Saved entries
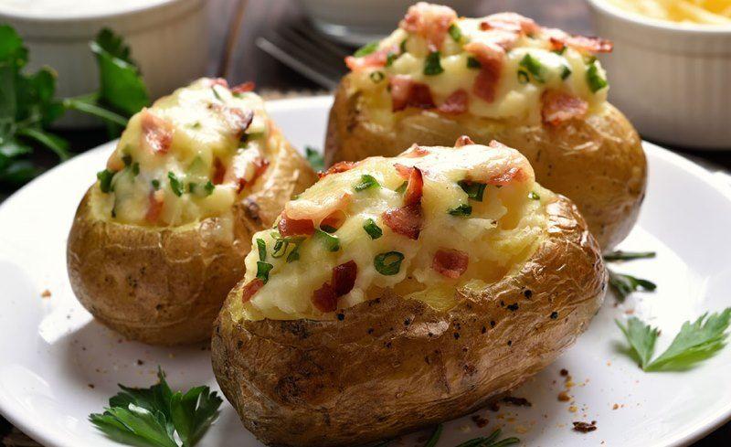 Mod de Preparare: Spalati bine cartofii. Stergeti-i si infasurati-i in folie de aluminiu si puneti-i in cuptorul preincalzit la 180° C timp de aproximativ 1 ora. Interiorul trebuie sa se coaca. Intre timp, se caleste ceapa cu un pic de ulei de masline pana devine translucida. Se adauga baconul. Puneti deoparte cand este gata. Taiti cartofii in jumatate. Scobiti miezul cartofilor si adaugati-l la amestecul anterior. Adaugati smantana, cascvalul si ceapa verde tocata si amestecati. Condimentati dupa gust. Umpleti jumatatile de cartofi cu umplutura si rumeniti la cuptor pentru aproximativ 15 minute la 180° C. E gata! Decorati cu ceapa verde tocata.
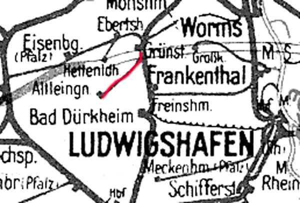 km 0,0 der Strecke Grünstadt 0,0 - Neuoffstein5,62 - Grenze Pfalz/Hessen km 6,274 = km 11,712 - Offstein 10,98 - Worms Hbf 0,0
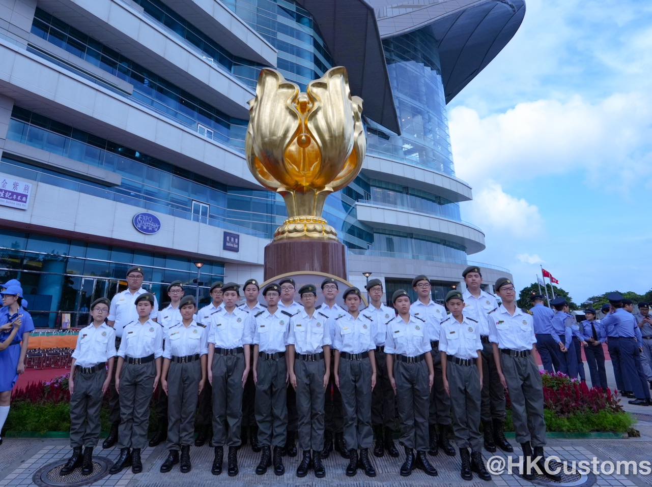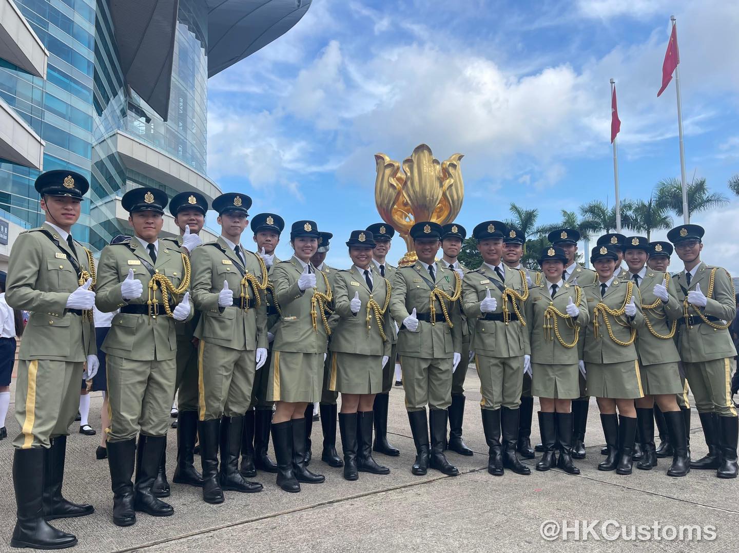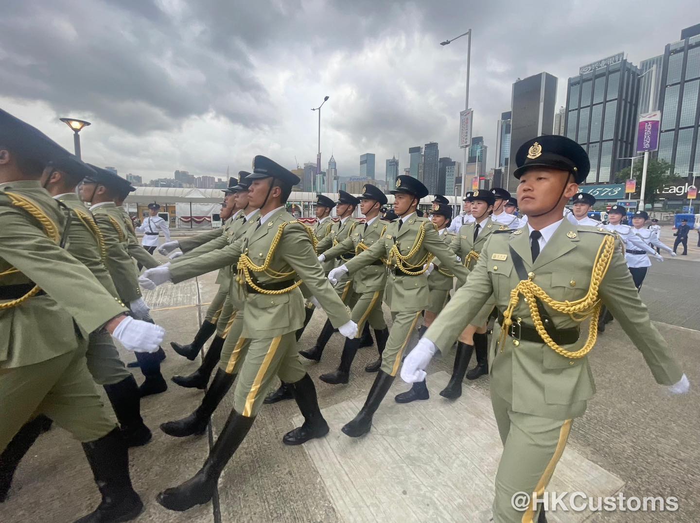 各紀律部隊儀仗隊及制服團隊步操隊伍昂然闊步地以中式步操進場參與升旗儀式,彰顯香港社會的繁榮和秩序。海關儀仗隊及海關青年領袖團亦有參與,共同慶祝回歸盛事。隊員及年輕的團員們親眼目睹升旗禮的莊嚴時刻,都不禁為身為祖國的一分子感到無比自豪。盼望祖國以及香港發展繼續繁榮昌盛,港人團結一致,共同為香港創造更輝煌的成績。(記者區天海)
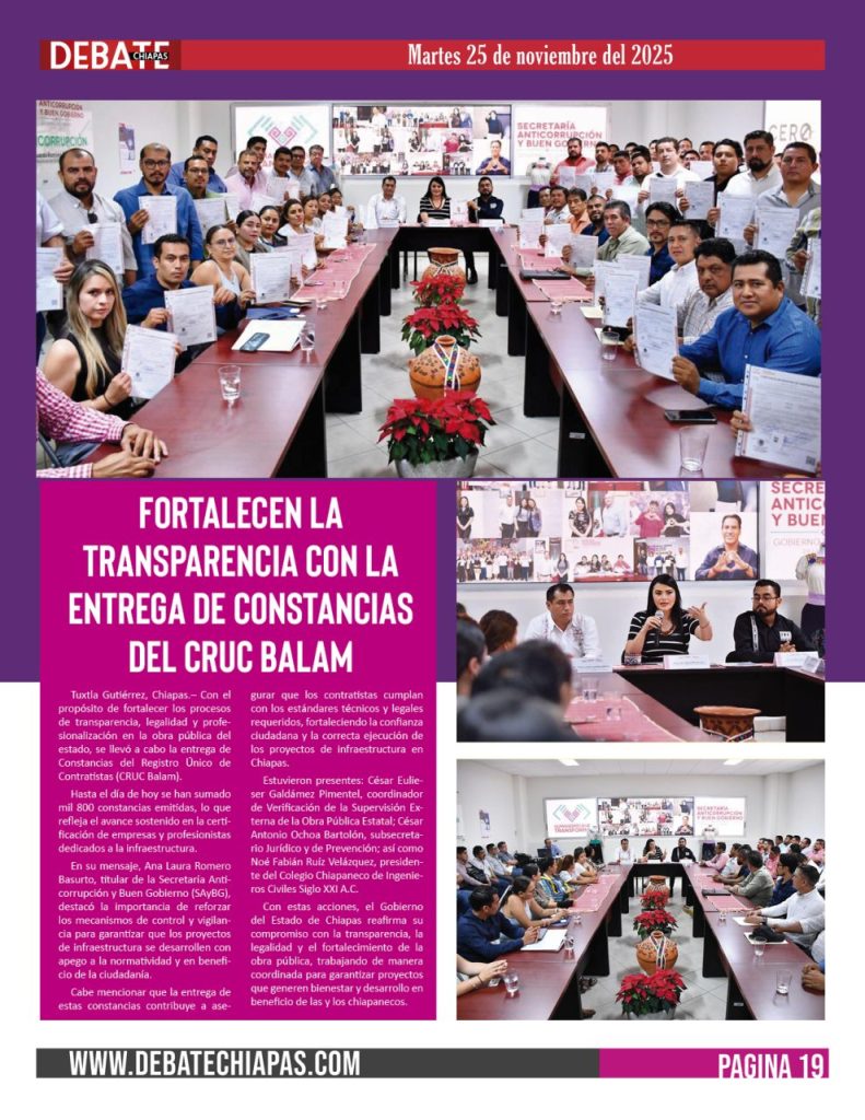 Con estas acciones, el Gobierno del Estado de Chiapas reafirma su compromiso con la transparencia, la legalidad y el fortalecimiento de la obra pública, trabajando de manera coordinada para garantizar proyectos que generen bienestar y desarrollo en beneficio de las y los chiapanecos.
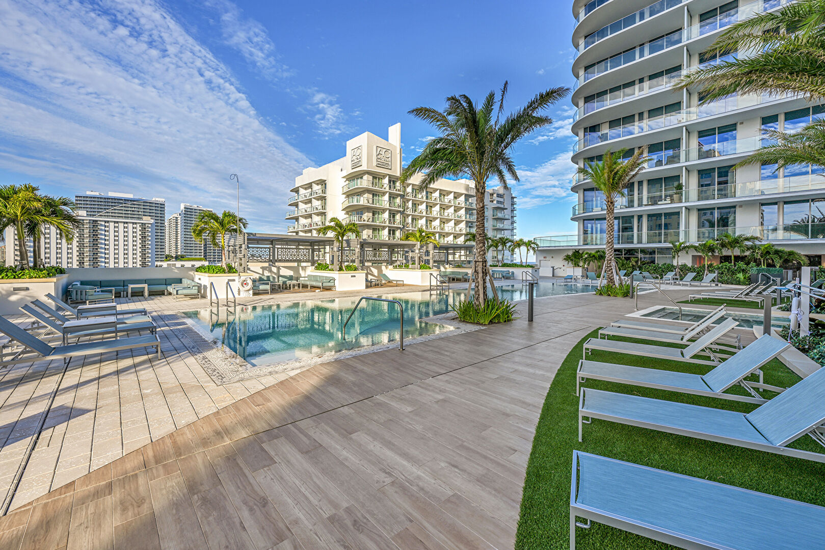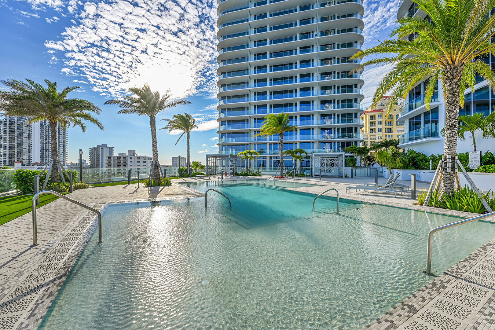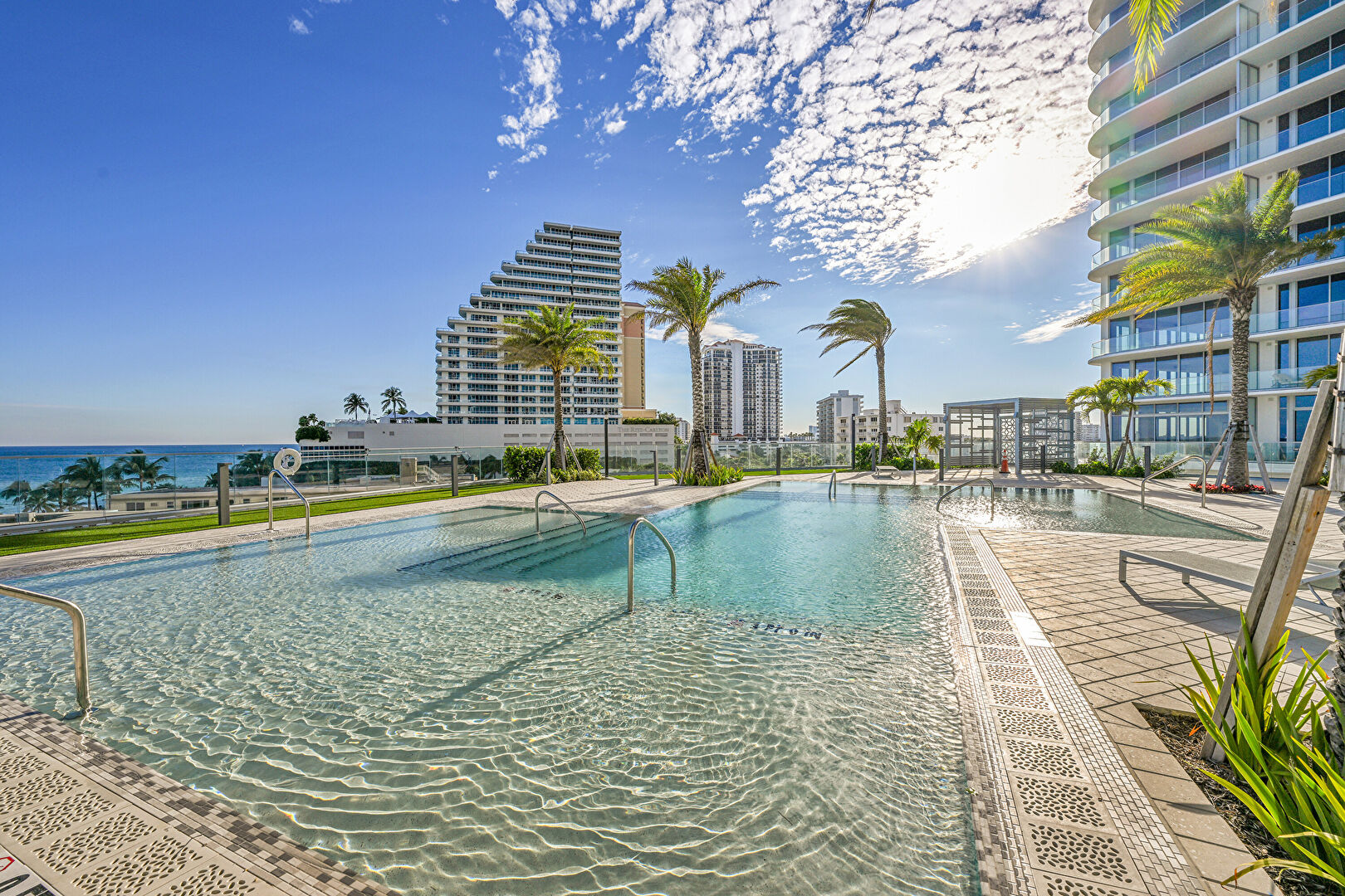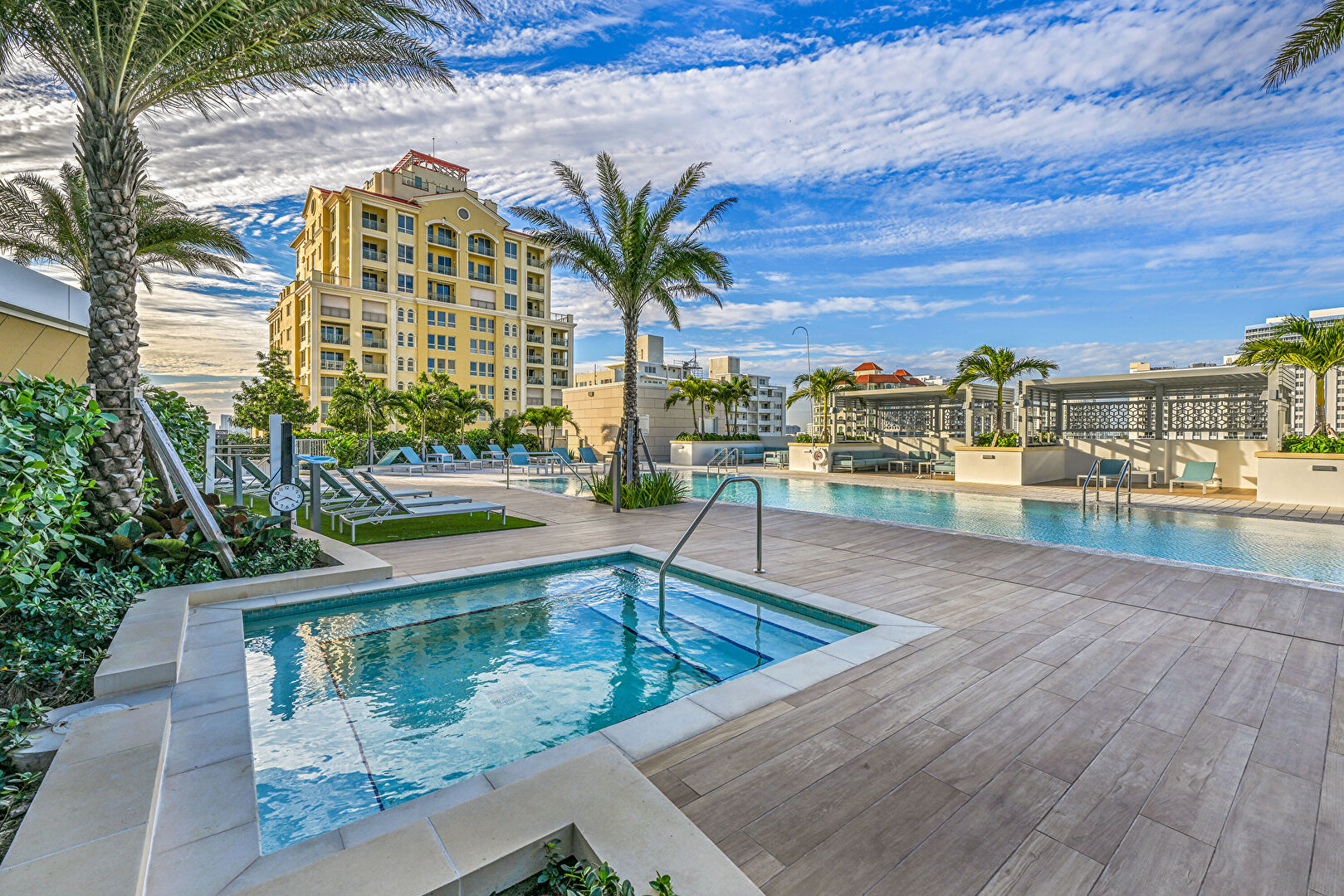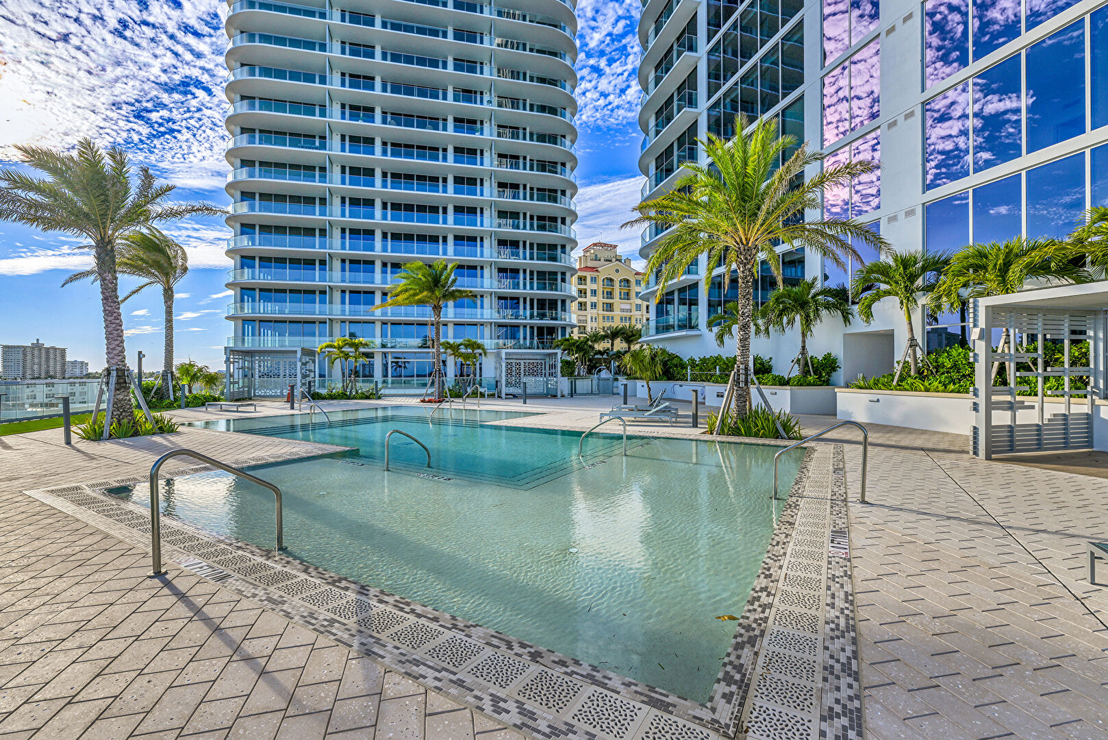 Apartment Complex View, City View, Fence, Handrail, Hot Tub, Pad Mount Transformer, Patio, Pool, Water View, Apartment Complex View, Handrail, Patio, Pool, Water View

§ **TASK REQUIREMENTS**
Please return, without any change, the lines from the line containing "Con estas acciones, el" through the last line of the entries, dropping the pictures.

§ **TASK RESPONSE**
 Con estas acciones, el Gobierno del Estado de Chiapas reafirma su compromiso con la transparencia, la legalidad y el fortalecimiento de la obra pública, trabajando de manera coordinada para garantizar proyectos que generen bienestar y desarrollo en beneficio de las y los chiapanecos.
 Apartment Complex View, City View, Fence, Handrail, Hot Tub, Pad Mount Transformer, Patio, Pool, Water View, Apartment Complex View, Handrail, Patio, Pool, Water View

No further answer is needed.